Cabe recordar que el Papa Juan Pablo II quiso incluso mencionar explícitamente que los animales tenían “alma” (es decir, el “alma animal”). La recuperación cristiana de la riqueza del mundo animal será un elemento más de convergencia con las religiones orientales.
El humanismo excluyente que comparten Descartes y la referida tradición, de la que por lo demás el filósofo francés era deudor confeso, ha tenido durante siglos por lema “los animales no tienen alma“, sobreentendiéndose que solo la tiene el hombre. Y surge la pregunta de qué se entiende por “alma”, siendo así que es del reconocimiento, o no, de su presencia de lo que se derivaría el que un ser mereciese, o no, consideración y respeto.
Claro que otro criterio es que si solo lo merecen los humanos es porque solo ellos son nuestros semejantes, lo cual a mí me suena un poco a moral mafiosa, por lo que ni siquiera entraré a considerarlo.

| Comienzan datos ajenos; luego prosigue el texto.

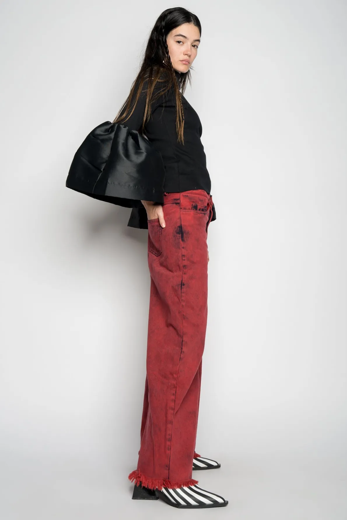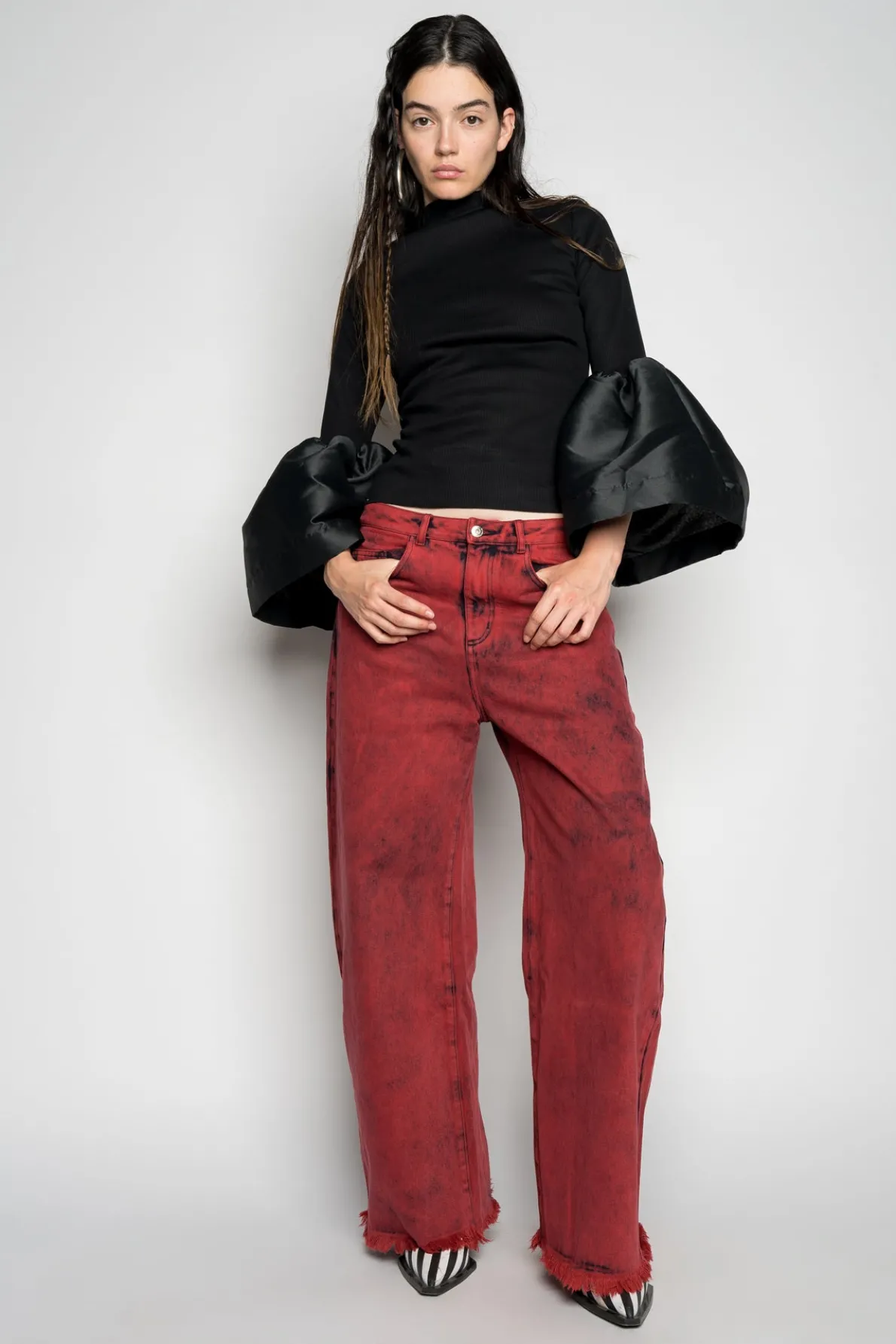 Description: Classic M'A 5-pocket boyfriends in vibrant red overdyed denim. These wide-leg jeans provide a relaxed, dropped-waist fit with an irresistibly raw hem. Fabric: DENIM OVERDYE 43% Refibra / 40% recycled cotton / 17% organic cotton. Made with recycled cotton and dyed using water responsibly size and fi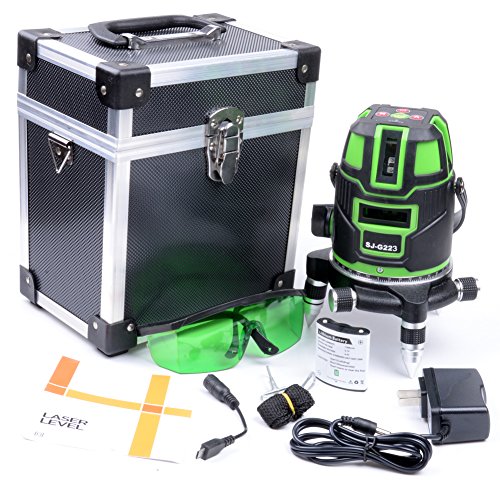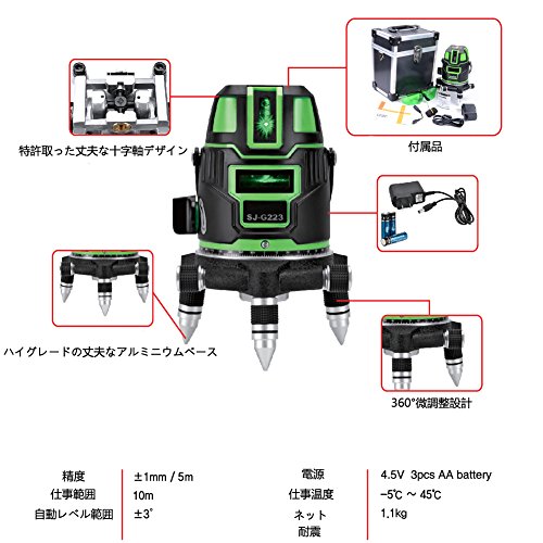 3ライン グリーンレーザー墨出し器SJ-G223 3線4点 回転レーザー線大矩照射モデル【標準セット】

Titulé “No tienen alma” (entre comillas en el libro) el capítulo que trata sobre los animales en un ensayo publicado hace un par de años [1], y lo hice porque esas tres palabras se han repetido hasta la saciedad para negar todo derecho -o simple esbozo de derecho- de los animales superiores, y para desculpabilizar las atrocidades y crueldades de que pudieran ser -y son efectivamente- víctimas.
No creo que la Iglesia Católica defendiera oficialmente la doctrina de la ausencia total de alma en unos seres cuya denominación genérica de animales se refiere precisamente a ella [2], antes de que Descartes proclamara que los animales son autómatas, desde luego Francisco de Asís, que fue canonizado, pensaba otra cosa…, pero de lo que no cabe duda es de que la Iglesia asumió rápidamente la negación cartesiana del alma de los animales, y que insistió luego en ella, como bien recordamos los españoles mayores de 60 años.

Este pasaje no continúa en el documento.